*** Opening RECORD SET ***

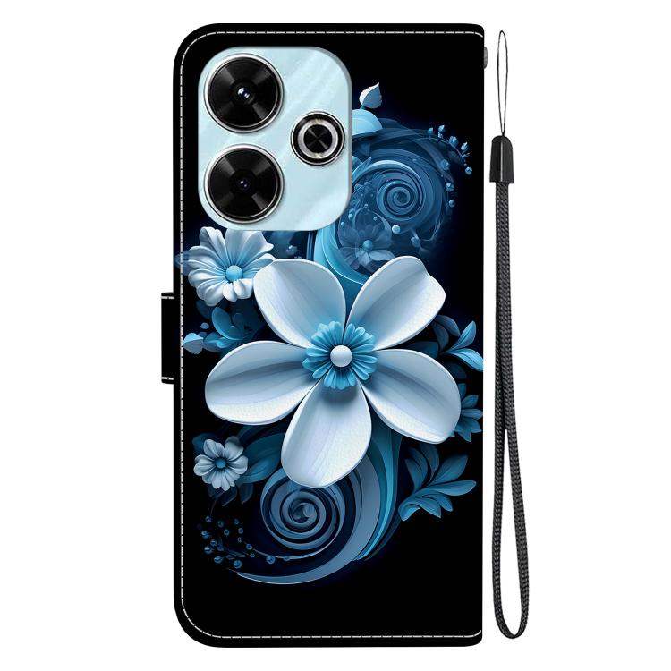 Funda de Cuero con Dibujo de Colores y Textura de Cristal para Redmi 13 4G/Poco M6 (Orquídea Negra)
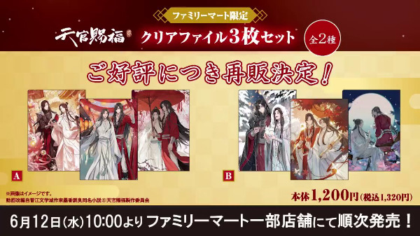 ファミマ×天官賜福(TGCF)クリアファイル3枚セット再販決定!謝憐と花城の美麗イラストに注目
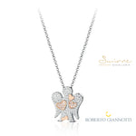 con angelo in argento bianco con cuori rosati con zirconi bianchi
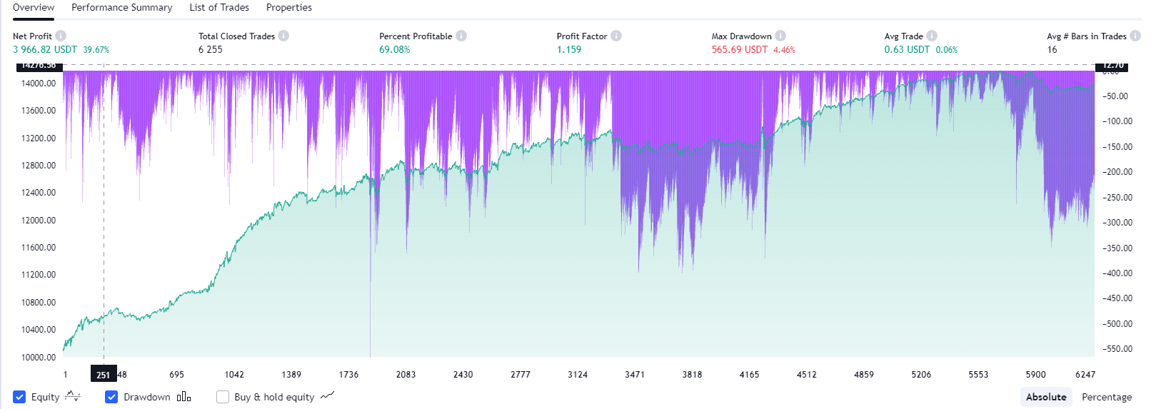 If we have a Pro or better account, we can run a “deep backtest”, which is limited to the historical data available on TradingView for a particular asset. For DOT, we have data since 2019 and can see the performance historically. We can use specific date intervals or simply run our logic from the first available day with data for the asset. The curve of our strategy is much more promising with a larger amount of historical data, which allows us to model and optimize our strategies better.
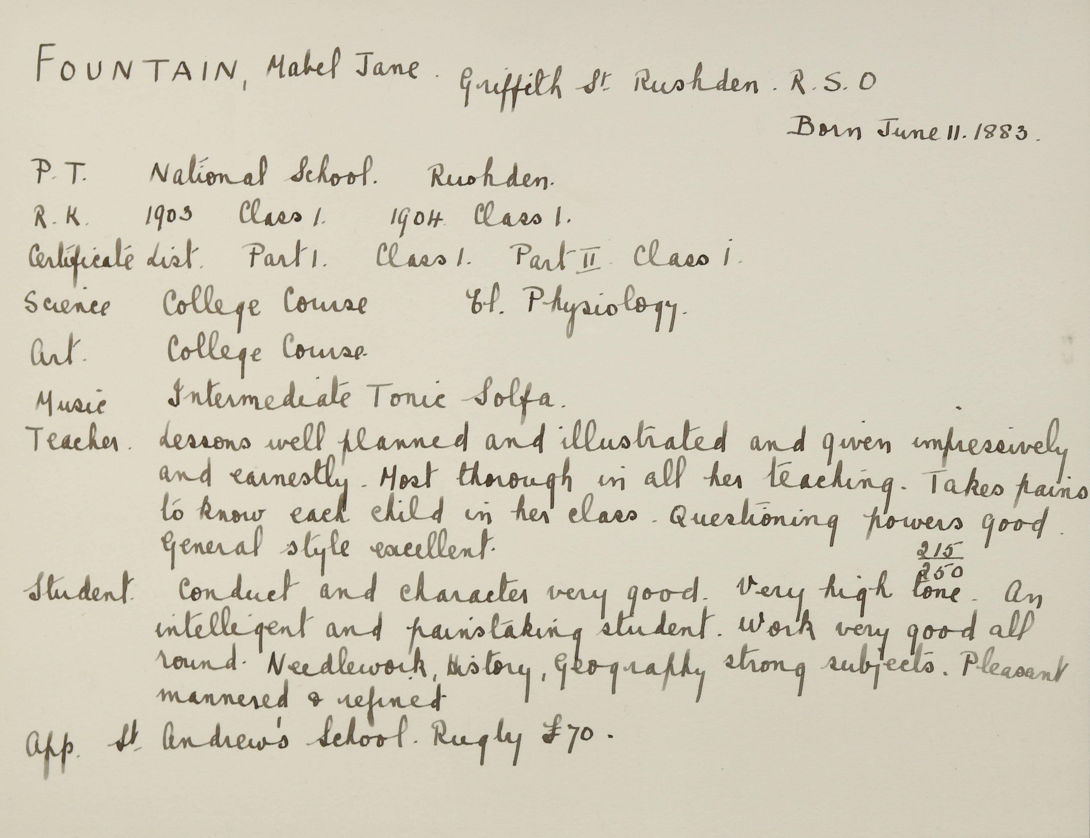 Appointed to St. Andrew's School, Rugby. £80.
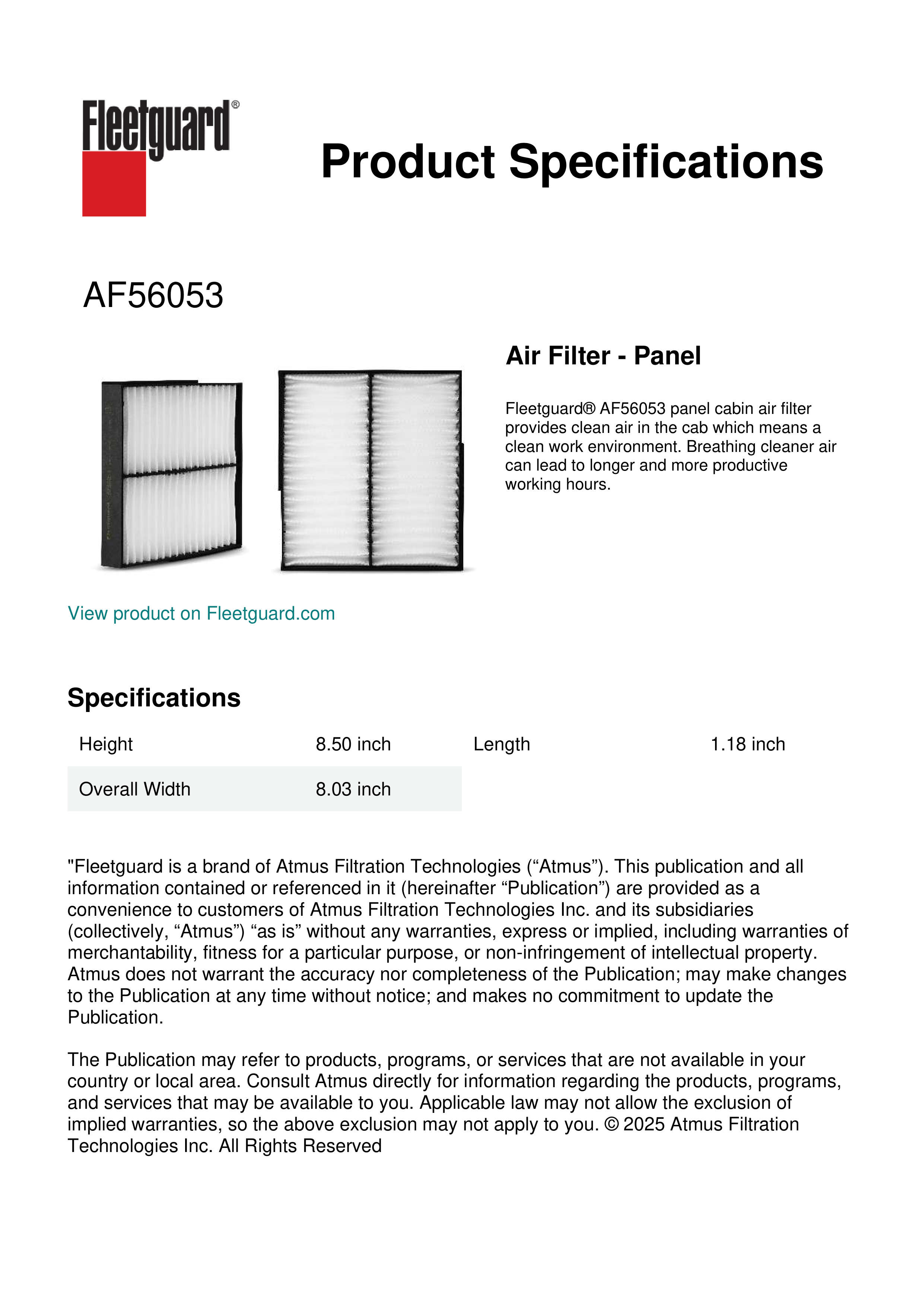 Fleetguard® AF56053 panel cabin air filter provides clean air in the cab which means a clean work environment. Breathing cleaner air can lead to longer and more productive working hours.Specification

*** Closing RECORD SET ***

● EXERCISE AIM: Copy every entry above exactly as it stands, but leave the pictures out.

● ANSWER SPACE:
 Funda de Cuero con Dibujo de Colores y Textura de Cristal para Redmi 13 4G/Poco M6 (Orquídea Negra)
 ファミマ×天官賜福(TGCF)クリアファイル3枚セット再販決定!謝憐と花城の美麗イラストに注目
 con angelo in argento bianco con cuori rosati con zirconi bianchi
 If we have a Pro or better account, we can run a “deep backtest”, which is limited to the historical data available on TradingView for a particular asset. For DOT, we have data since 2019 and can see the performance historically. We can use specific date intervals or simply run our logic from the first available day with data for the asset. The curve of our strategy is much more promising with a larger amount of historical data, which allows us to model and optimize our strategies better.
 Appointed to St. Andrew's School, Rugby. £80.
 Fleetguard® AF56053 panel cabin air filter provides clean air in the cab which means a clean work environment. Breathing cleaner air can lead to longer and more productive working hours.Specification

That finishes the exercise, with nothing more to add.